The Earl is not at home when Rachel arrives at Pennington Hall. She was warned by his secretary that he is unreliable, that he keeps only some of his appointments. The prerogative of wealth and eccentricity. The drive from London has taken eight hours: congestion around the airport and the north orbital, an accident south of Kendal, all lanes halted until the air ambulance could set down on the carriageway to collect the shattered motorcyclist. As ever, the county’s interior routes move sluggishly: compact dry-stone lanes and dawdling sightseers. A landslide on one of the mountain passes has resulted in road closure, so she must turn back at the barrier and take the longer lakeside road into the western valleys. The fells rise, carrying dead bracken on their slopes the colour of rust. Granite juts through, below gathering cloud. She sets the wipers to intermittent, but the rain is either too heavy or too fine; the rubber blades screech or the screen blurs. The GPS recalculates, asks her to turn round, go back the way she has come. She switches it off and buys a map from a village shop. This is not a part of the district she knows – her home village is on the other side of the mountains.

She is extremely tired by the time she reaches the gate into the estate, nauseous with jetlag and service station coffee. But she’s alert enough to notice the beauty of the place – September’s russet fading in the trees, wet, glistening light on the hills – and to note that the lake would be a good territorial boundary, were this still wilderness. It has not been wilderness since the primeval forest was felled. The gate into the estate is an elaborate wrought-iron affair, bearing a coat of arms. She pulls up next to the intercom, lowers the window, and inhales. Moorland, peat, ferns, water and whatever the water touches: the myrrh of autumn. She’s become used to spruce and sagebrush, the rancid vegetable smell of the paper mill downriver from the Reservation. Cumbria’s signature aroma is immediately recognisable: upland pheromones.
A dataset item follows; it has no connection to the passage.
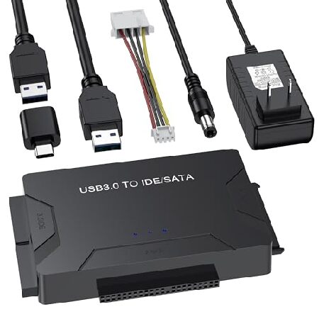 説明: ハードドライブリーダー USB 3.0 & Type C to IDE SATAアダプター、内部データ転送リカバリコンバーターキット 2.5インチ/3.5インチSATA/IDE HDD SSDハードドライブディスク内蔵ブルーレイドライブ用 12V/2A電源付き
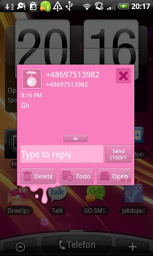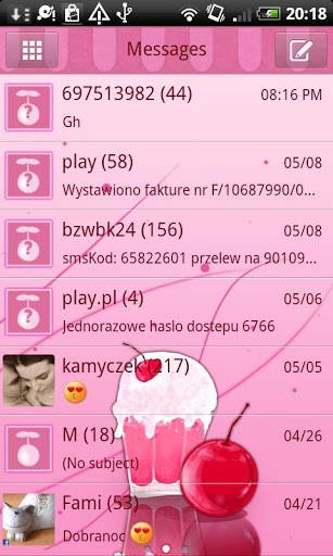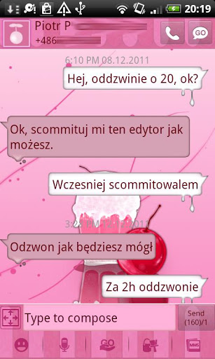 A Sweet Cherry Milk Shake theme designed for GO SMS PRO.Sweet Cherry Milk Shake for GO SMS Pro is available nowImportant:1. This is not a standalone app, you need to download the LATEST version of GO SMS Pro app in order to apply this theme. search GO SMS Pro to download2. To apply the theme within GO SMS Pro, download it from Menugt;Themeor Plugin UIgt;Theme shop After downloaded, it will displayed in quot;Installed Themequot; Tab, click and apply it.tags GO SMS PRO, GOSMS Pro, milk shake theme, sweet, cherry

She reaches out to press the button, but the gate opens silently. She is being watched on the CCTV. The drive is long and newly gravelled, oak-lined. She passes a tree so old and obese with bark that its lower branches are sagging almost to the ground. Wooden struts have been built underneath to prop them up. Beside the drive a handful of roe deer graze. They raise their heads as she drives by and do not move. In the rain, the red-stone manor looks patched and bloody. Ivy is growing shaggily up the facade, but for a building of its size and age it is far from dereliction. The crenellations are intact; the windows expensively replaced. Thomas Pennington has not suffered hard times, death duties, or insurmountable taxes, it would seem. The building is clearly not a casualty of democratic change like so many of the countryside’s aristocratic behemoths. Perhaps the garden and house are open to the public, or a lucrative tearoom is hidden somewhere behind the maze, bulbs and plant cuttings for sale, wedding hire, the usual schemes. Or perhaps the Earl’s business portfolio has been skilfully updated and he has accounts offshore. Rachel parks at the side of the tower, next to a little blue MG and a utility van, gets out, and stretches. The air is damp and cool. Rooks clamour in the nearby trees. The mountains behind could have been built for aesthetic purposes – it is an incredibly beautiful view.